PL/SQL features by release


A Mini-History of Oracle and PL/SQL

This chapter answers two questions: where did PL/SQL come from and why is it the best database development language ever developed?

In the late 70s, around the time Ingres was getting started at UC Berkeley, three guys working on a contract for the CIA got together and started a company called Relational Software, Inc.

Their first product was a relational database called Oracle. The founders decided to use the C language for development. This would later become important when they decided to start porting to different platforms.

They also decided to support SQL as the internal data access language. This would also become a very important factor to its success. In 1979, Relational Software was the only company making an SQL compliant database. If anyone ever asks you who wrote the first SQL database, you now know the answer: Oracle.

To access the database, to write an application for example, you had to use an external language and compiler.

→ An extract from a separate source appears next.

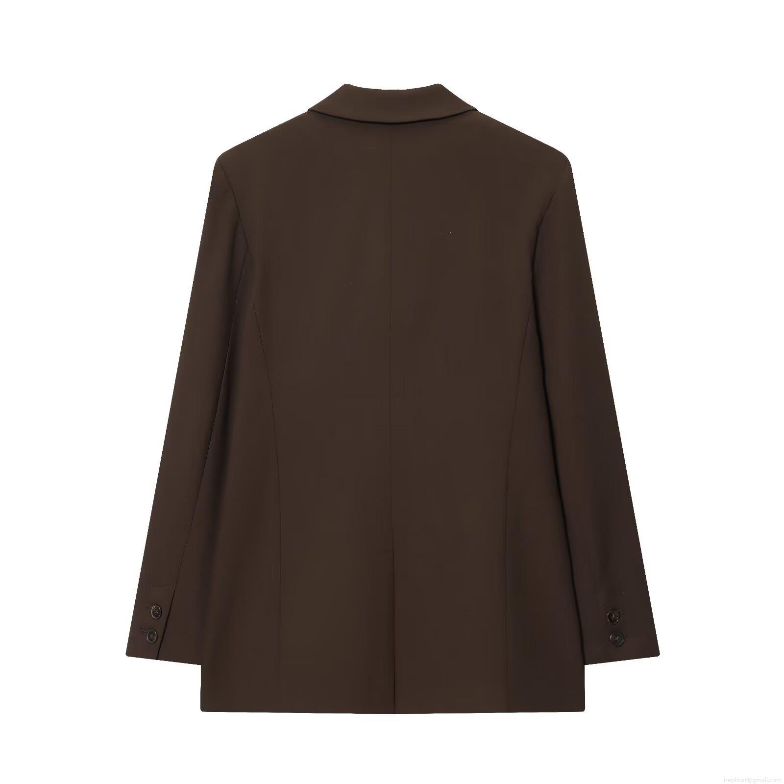 • Women's Dark Brown Business Casual Suit Set Double-Breasted Padded Shoulder Blazer and High Waist Straight Wide Leg Pants Elegant Two Piece Set

In the early days of Oracle, that was C but, in time, several other languages were added: COBOL, ADA, Fortran, PL/1, and others.

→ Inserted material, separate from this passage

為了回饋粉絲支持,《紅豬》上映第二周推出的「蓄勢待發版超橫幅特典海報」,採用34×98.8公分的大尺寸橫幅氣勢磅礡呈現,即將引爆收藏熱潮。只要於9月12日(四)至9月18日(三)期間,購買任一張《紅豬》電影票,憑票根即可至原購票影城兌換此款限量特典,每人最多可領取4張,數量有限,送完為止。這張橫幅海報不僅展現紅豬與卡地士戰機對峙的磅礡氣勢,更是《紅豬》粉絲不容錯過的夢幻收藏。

In the early 1980s, the company was renamed Oracle Corporation. That would just be the beginning of Oracle’s desire to rename its products. In my time using the Oracle database, I think every tool I have used has been renamed at least once. In the case of CDE/Developer 2000/Developer Suite, it has been renamed enough to be confusing.

Oracle did not have an embedded language for many years. Having come from a government background, when they chose a language for the database, they modeled it on ADA.

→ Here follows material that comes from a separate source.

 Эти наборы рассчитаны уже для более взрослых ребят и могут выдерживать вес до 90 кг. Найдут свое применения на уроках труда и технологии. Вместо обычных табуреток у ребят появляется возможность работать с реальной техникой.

I programmed in ADA for a few years in the 1980s while I was working as a consultant for the US Department of Defense. It is a very powerful, but very wordy, object oriented language. ADA, and by extension PL/SQL, are descendants of Pascal.

Oracle named this new language PL/SQL; the Procedural Language extension to SQL. I pronounce it pee ell sequel but many others pronounce it pee ell ess que ell. Feel free to pronounce it however you like though.